That is almost impossible to answer, as it depends on so many factors. The biggest one is probably how fast someone is coming out of high school, and secondarily, how long they have been training at a serious level. For example, an old teammate is a high school coach in Indianapolis. One of his swimmers (a sprinter) did not really start swimming competitively until his freshman year of high school. His times dropped by a phenomenal amount over 4 years, and I would think he could drop quite a bit more in college.
On the other hand, someone entering college that is already swimming at an elite level might not drop as much over 4 years of collegiate swimming. But even that will depend on numerous factors, including their technique (can it be improved significantly), whether they grow at all, how much weight training they've done previously (e.g., can they make significant strength gains), and (obviously) how hard are they willing to work. Some won't improve all that much, while others will make extraordinary time drops.

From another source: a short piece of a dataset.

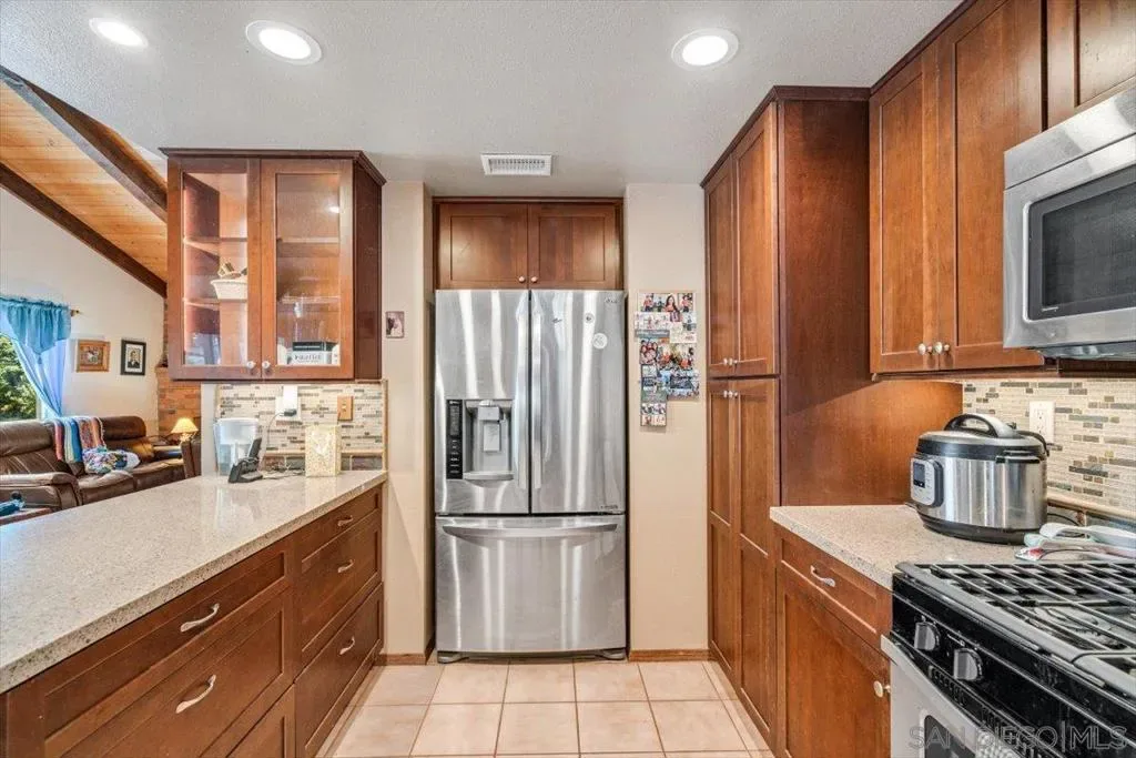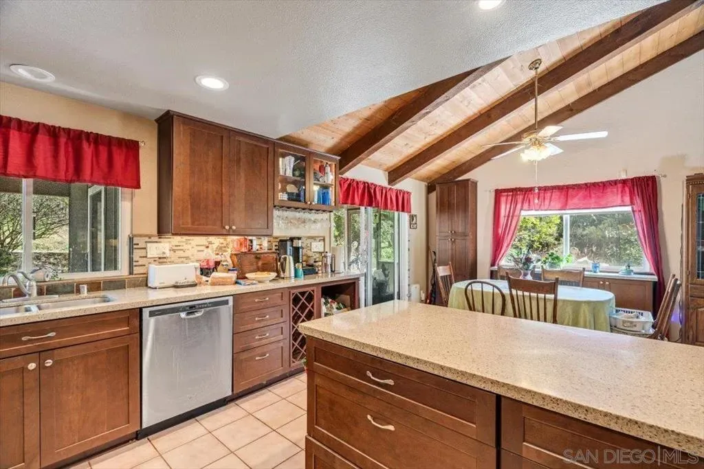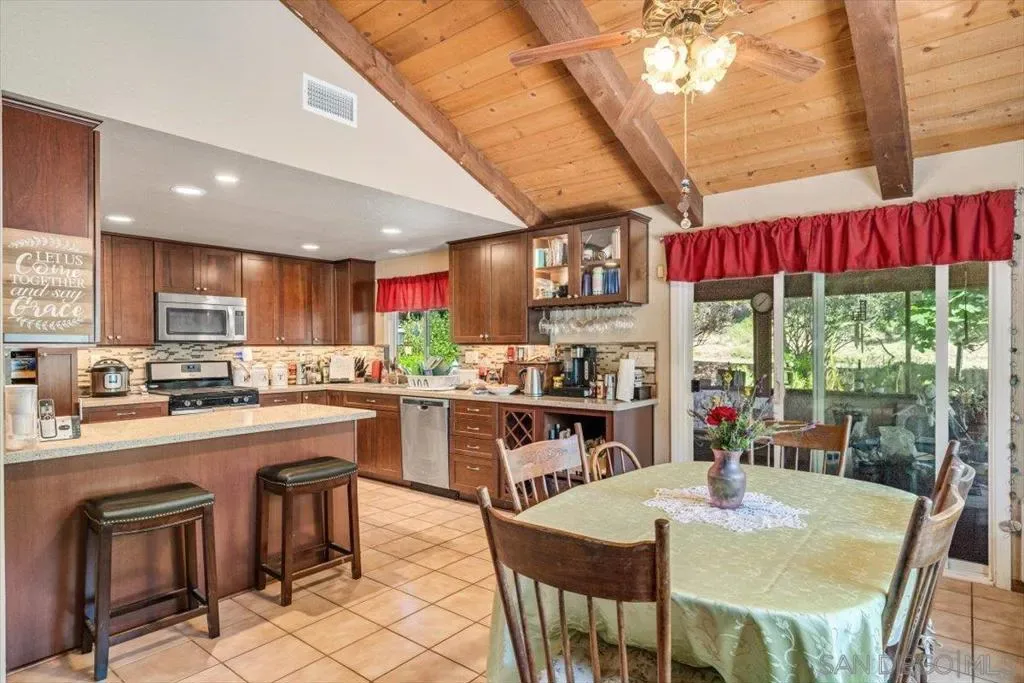 Useable corner lot with privacy in Vista’s most desirable neighborhood. Lush landscape includes fruit & nut trees (see supplement for list). Large, updated kitchen, gorgeous vaulted open beam ceilings, custom home build. Separate gated and paved access to park your RV, boat, and other toys with room to spare. Roof is 3 years new. Solar is owned. Custom pergolas and patio room off the back offer plenty of shade and space to enjoy this gorgeous property.

In other words, it depends.
As for 100 yard freestyle (NCAA is short-course, in a 25-yard pool), the NCAA record is :39.9 by Caleb Dressel. (That time was unfathomable when I swam in the 1980s). His :17.83 in the 50 (2018) is from another world. His second lap was :09.1. When he was a freshman (2015), he won the 50 in 18.67. He was only 11th in the 100 at :42.6 (I doubt that was his fastest time, though). Still that gives you some idea of the high end of time drop over a college career.
Back in 1985 the NCAA record was :19.3. I think there were only 1 or 2 in the Big Ten that went under :20, and only 5 or 6 in all of NCAA that did. In other words, Dressel could have started in the water and still toasted the entire field by over a body length.
Don't ask me to explain how times have dropped so much in 40 years - I have no good answers. Then again, my times from the mid-1980s would have won almost every event at the 1960 NCAAs (and even beaten Mark Spitz as late as 1971). By the time the mid-1980s rolled around, my times were yawn-inspiring.